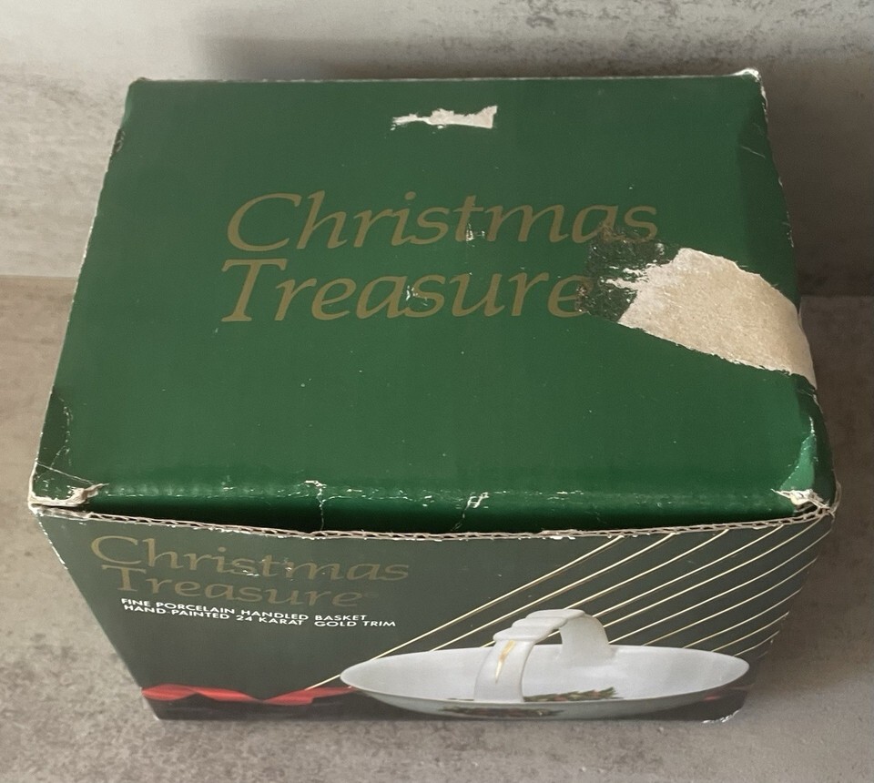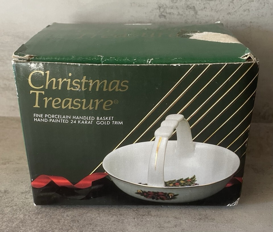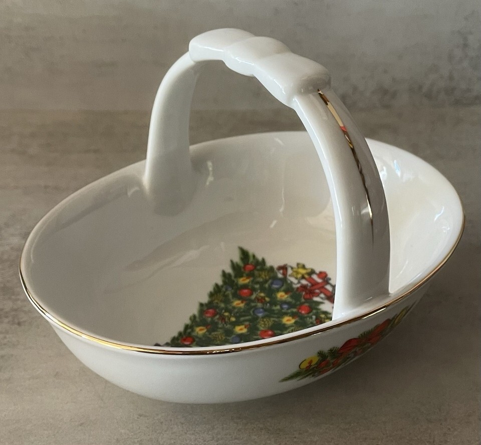 - Jamestown China Christmas Treasure Porcelain Basket w/ Handle Tree Design & Box
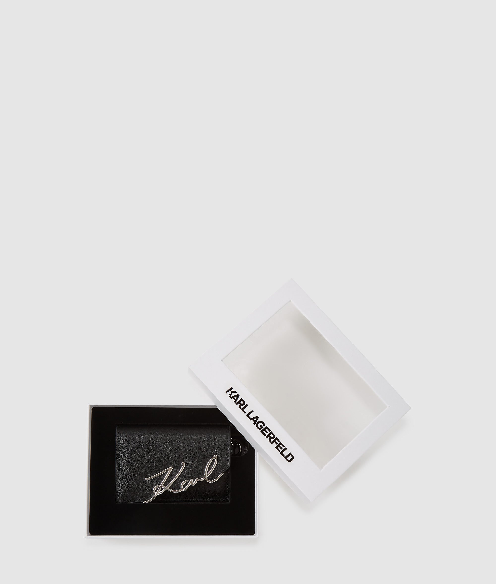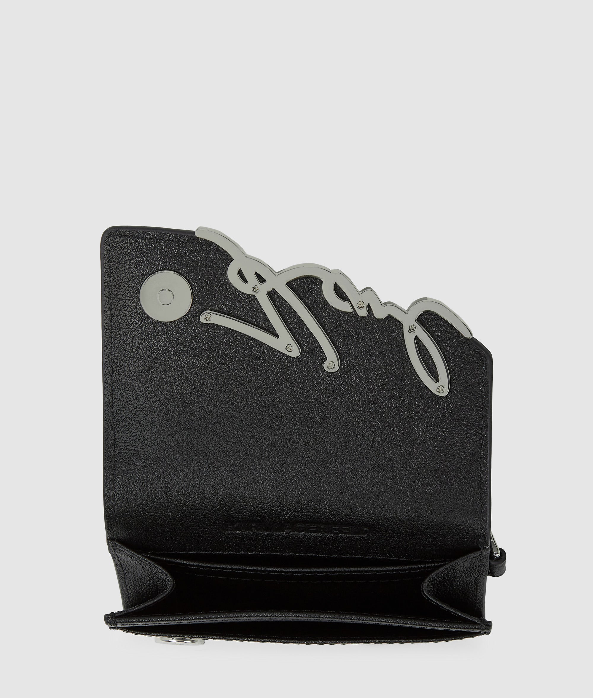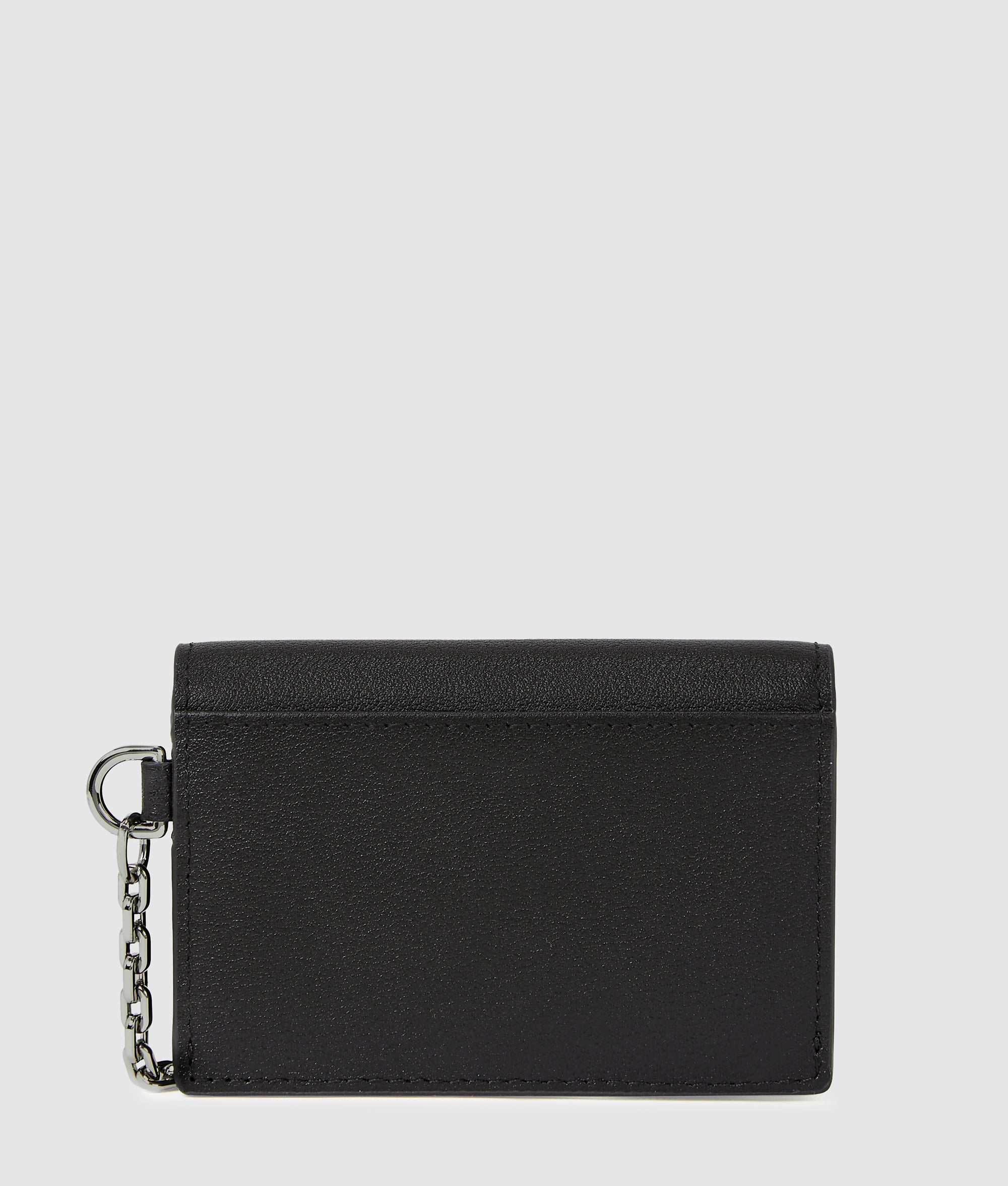 A sleek leather cardholder with bold Signature hardware and a chain clip. designed for essential organization.
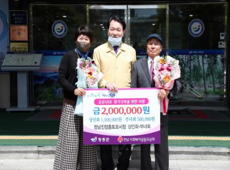 21일 정남진장흥토요시장 상인회(회장 김영실)와 부녀회(회장 김수라)는 코로나19 위기 극복을 위해 써달라며 각각 150만원과 50만원을 장흥군에 기탁했다.
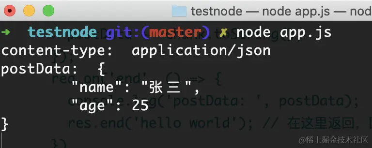 - 定义一个postData存放post请求中不断传入的数据,若干次触发on中的data,结束触发end,一直监听数据流传入
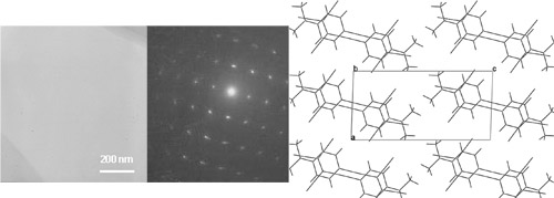 A) TDMEE薄膜的TEM图像及选区电子衍射;B)分子在晶态薄膜中的排列方式
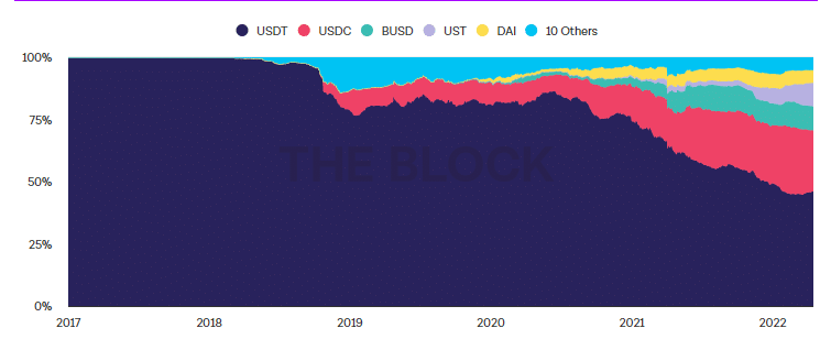 Según gráficos del portal The Block, la dominancia de USDT dentro de las stablecoins se ha visto considerablemente reducida, luego de que otros competidores, un poco más pequeños, entraran en juego. Entre ellos están USD Coin (USDC), Binance USD (BUSD) y TerraUSD (UST). Estas últimas tres cuentan con poco menos del 10% del mercado cada una, mientras que USDC posee más del 25%.
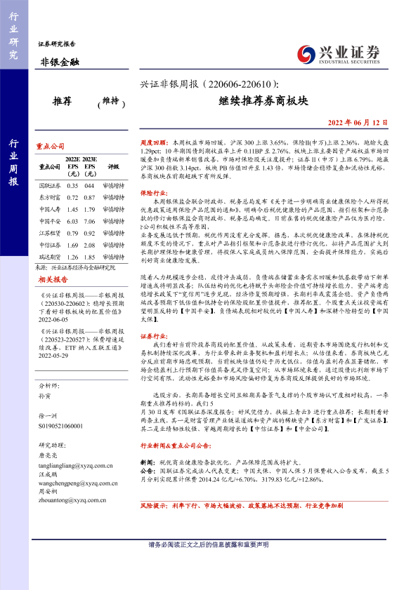 【兴业证券】【20220612】继续推荐券商板块-15页
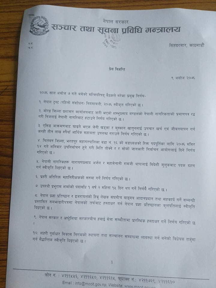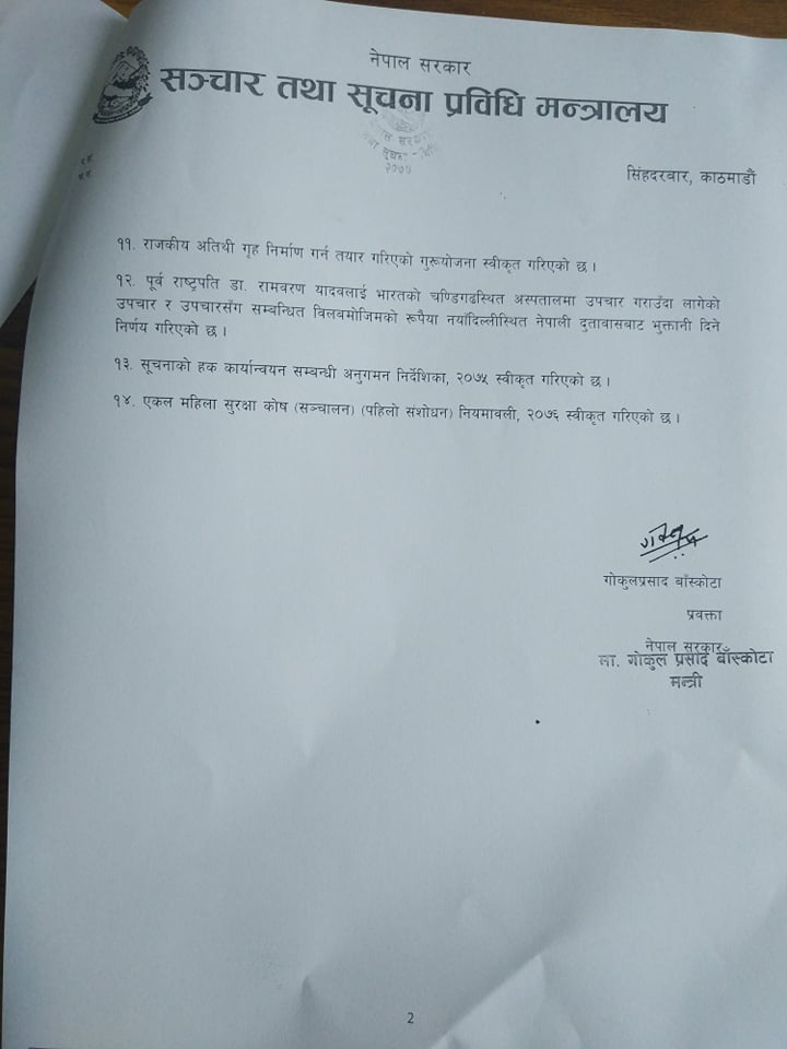 काठमाडौं । असोज ७ गते बसेको मन्त्रीपरिषदको बैठकले बिभिन्न १४ वटा निर्णय गरेको छ । सञ्चार तथा सूचना प्रविधी मन्त्रालयले प्रेस विज्ञप्ती जारी गर्दै त्यस्ता निर्णयहरु सार्वजनिक गरेको हो ।
....................
## Required work
Reproduce exactly, without any picture, the lines from the one bearing "A sleek leather" to the last line of the records above.

## Output for this task
 A sleek leather cardholder with bold Signature hardware and a chain clip. designed for essential organization.
 21일 정남진장흥토요시장 상인회(회장 김영실)와 부녀회(회장 김수라)는 코로나19 위기 극복을 위해 써달라며 각각 150만원과 50만원을 장흥군에 기탁했다.
 - 定义一个postData存放post请求中不断传入的数据,若干次触发on中的data,结束触发end,一直监听数据流传入
 A) TDMEE薄膜的TEM图像及选区电子衍射;B)分子在晶态薄膜中的排列方式
 Según gráficos del portal The Block, la dominancia de USDT dentro de las stablecoins se ha visto considerablemente reducida, luego de que otros competidores, un poco más pequeños, entraran en juego. Entre ellos están USD Coin (USDC), Binance USD (BUSD) y TerraUSD (UST). Estas últimas tres cuentan con poco menos del 10% del mercado cada una, mientras que USDC posee más del 25%.
 【兴业证券】【20220612】继续推荐券商板块-15页
 काठमाडौं । असोज ७ गते बसेको मन्त्रीपरिषदको बैठकले बिभिन्न १४ वटा निर्णय गरेको छ । सञ्चार तथा सूचना प्रविधी मन्त्रालयले प्रेस विज्ञप्ती जारी गर्दै त्यस्ता निर्णयहरु सार्वजनिक गरेको हो ।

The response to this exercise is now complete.